Our perspective is always shaped by Scripture and grounded in a redemptive faith.
1. Do we find immigrants and refugees in the Bible?
Abraham in a strange land Gen. 12:1; 10:23
Joseph’s brothers in a famine Gen. 46:1-7
Moses fleeing the Egyptians
Israel in Egypt, oppressed and enslaved
Jesus was refugee Mt. 2:13-15
The early church scattered Acts 8:1-8
2. Are Christians ever described as aliens or strangers?
Phil. 3:20; I Pet. 2:10-11
3. Should that fact influence how we see immigrants and refugees?
Of all people, we should have empathy!
4. What Bible passages instruct us to fear, shun, mistreat, or otherwise demean foreigners or refugees?
5. Are there any texts that give us guidance on how to treat foreigners?
6. Which interpretive principles apply here?
Use the whole Bible.
Build your theology and ethics on a broad base.
Let’s look at a pivotal text that will provide a basis for our reflection on the biblical content:
Matthew 5:3-12 (Luke 6:20-23)
“Blessed (fortunate, prosperous) are the….
:3 “the poor in spirit…”
Those who are not spiritually arrogant.
It is easy to love our own.
It is easy just to say words, to tell them to take care of themselves.

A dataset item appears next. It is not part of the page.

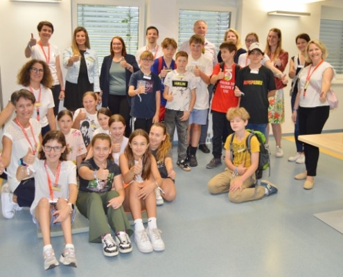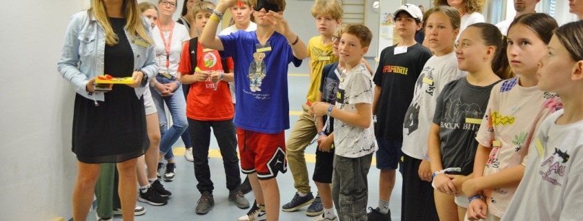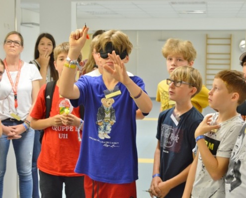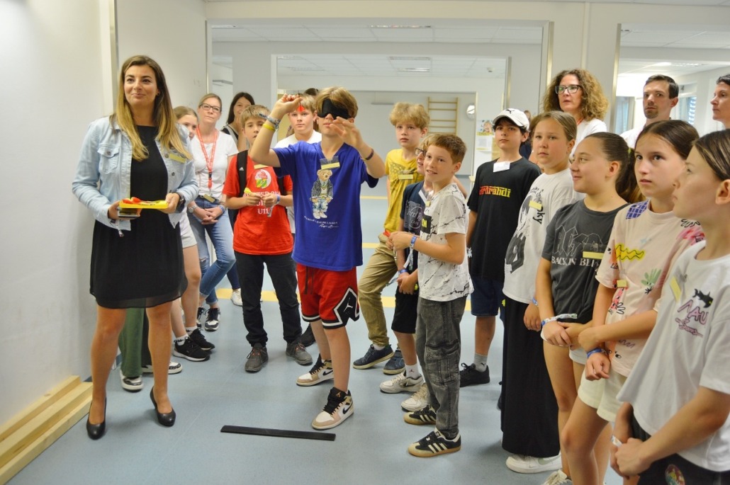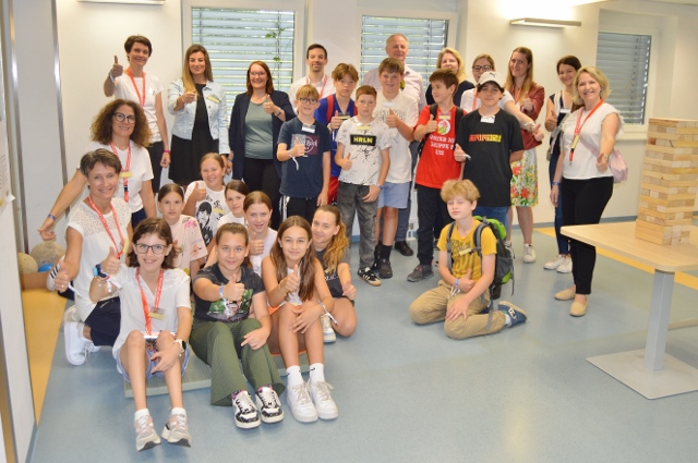 Einen Engagementtag mit allen Sinnen haben einander der Blinden- und Sehbehindertenverband, die Wirtschaftskammer Kärnten und das slowenische Gymnasium ermöglicht: ein Team der WK Kärnten hatte es möglich gemacht, dass sie gemeinsam mit der ersten Klasse des Gymnasiums hierher in die Räumlichkeiten des BSVK kommen und einen besonderen Tag erleben konnten. Nach dem Kennenlernen und einer Einführung in das wichtige und in der Bevölkerung äußerst verbreitete Thema der Sehbehinderungen wurden Teams gebildet. Ausgestattet mit Simulationsbrillen, die ein Verständnis für unterschiedliche Sehkrankheiten und damit verbundenen Einschränkungen des Sehsinns schafften, haben die Mitarbeitenden und Jugendlichen Spiele gespielt: Tischtennis mit dem Gehör zu spielen, Jenga oder Dart – so viele Spiele spielen sich anders, wenn der Sehsinn wegfällt oder eingeschränkt zur Verfügung steht. So wurden die Teilnehmer:innen für das Thema nicht nur sensibilisiert und konnten praktischen Erfahrungen machen, der Tag hat auch wirklich ganz viel Spaß gemacht!

The instruction is to put them first.
The song we learned as babies reflects the deep truth of the value and dignity of every man: “red and yellow, black and white, they are precious in His sight.”
:4 “those who mourn…”
Those who grieve for this sorry situation.
Weep with those who weep…
See the families broken apart, struggling
Jesus wept with the mourners at Lazarus’ tomb mainly because He knew they had not hope beyond the grave.
:5 “the gentle…”
Those who are humble and meek.
God loves the alien…the vulnerable, helpless, hopeless
II Cor. 1:3-7
We have been given comfort. Now it is our turn.
II Cor. 8:13-15; 9:6-8
We have been given so much. Now it is our turn.
We have been lifted up. Now it is our turn.
Foreigners are not blood kin or not “one of us…don’t talk like us, eat like us, act like us.
The people who were among the Hebrews were most likely slaves or Egyptians who accompanied the Hebrews when they departed the “land of oppression and slavery.”
These foreigners were different: language, food, customs…and dangerous.
They were also vulnerable.
So God says, “Remember, you were once there. Now it is your turn.
Take care of them.
:6 “those who hunger and thirst for righteousness…”
Those who crave what is right.
Ex. 22:21; 23:9 You were a stranger…now don’t oppress them
Prov. 31:8-9 Speak up for them
Personal responsibility to do what is right.
We can’t simply be outraged. That does no good.
We can’t make bombastic declarations that are all noise and no substance.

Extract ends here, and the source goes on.